Running from a clone additionally needs Node.js/npm — the front-end assets (HTMX, KaTeX, Lucide icons) are vendored from node_modules into the package, and the stylesheet is compiled from Sass:

# 1. Python package (editable)
uv venv && source .venv/bin/activate
uv pip install -e .

# 2. Front-end assets (vendored copies are committed;
#    re-run after upgrading npm packages or editing scss/)
npm i
npm run vendor
npm run css

# 3. Dev server (auto-reload)
fastapi dev aiXiv/main.py

npm start runs the Sass watcher and the dev server together.

Configuration

LLM settings are managed in-app through the settings dialog (the gear icon in the top bar) and stored in the database. The relevant options are the provider, the model, and — for Ollama — the API URL.

Every LLM call logs two lines to the server console (claude-cli ▶ requesting model=… / claude-cli ◀ answered by model=…), reporting both the requested model and the model that actually answered, so you can verify the backend is using what you configured.

Ollama (local). Runs against a local Ollama server. Defaults live in aiXiv/settings.py:

Setting Default
Provider ollama
Model gpt-oss:20b
Ollama API URL http://localhost:11434

Point the API URL at your Ollama instance and pull a model beforehand (e.g. ollama pull gpt-oss:20b). The model dropdown lists whatever that server has installed.

When accessing the Ollama instance running on Windows from the app running on WSL2, use ip route | grep default | awk '{print $3}' to determine the host (Windows) ip, and use that instead of the localhost.

Claude CLI (subscription). Shells out to a locally-installed, logged-in Claude Code CLI (claude -p), so it uses your existing Claude subscription instead of an API key. The model field takes an alias (sonnet, haiku, opus) or a full model ID (claude-opus-4-8); leave it empty for the CLI's default.

Codex CLI (subscription). Same idea with the Codex CLI (codex exec), using your ChatGPT login. The model dropdown is read from the model list codex itself caches (~/.codex/models_cache.json); run codex once if it's empty.

The CLI backends are experimental and meant for testing. They spawn one CLI process per request (a ranking run takes several seconds per paper), usage counts against your subscription limits, and driving coding agents this way is an off-label use of those tools.

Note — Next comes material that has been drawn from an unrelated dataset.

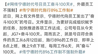 网传宁德时代施行896工作制。马云倡导的996福报已经落伍了,宁王的896开始大行其道。 重点是,外籍员工不强制。还真TM人性化

Claude / OpenAI (API). These providers appear in the settings dialog but are disabled — the client classes are not implemented yet. Using them requires both the corresponding client code and an API key with billing from the provider's developer console.

Project layout

aiXiv/
  main.py            FastAPI app: routes, page rendering, CLI entry point
  settings.py        default settings and LLM prompts
  arxiv/             arXiv fetching and category list
  database/          SQLModel tables and DB setup/migrations
  llm/               LLM abstraction (base, ollama, cli) + profile/paper logic
  utils/             LaTeX-to-HTML and "time ago" helpers
  templates/         Jinja2 templates (HTMX-driven fragments)
  static/            compiled CSS + vendored front-end assets
scss/                Sass sources (compiled into aiXiv/static/css)

Tech stack

FastAPI, SQLModel/SQLite, Jinja2, and HTMX on the back end; Pico CSS (via Sass), KaTeX, and Lucide icons on the front end.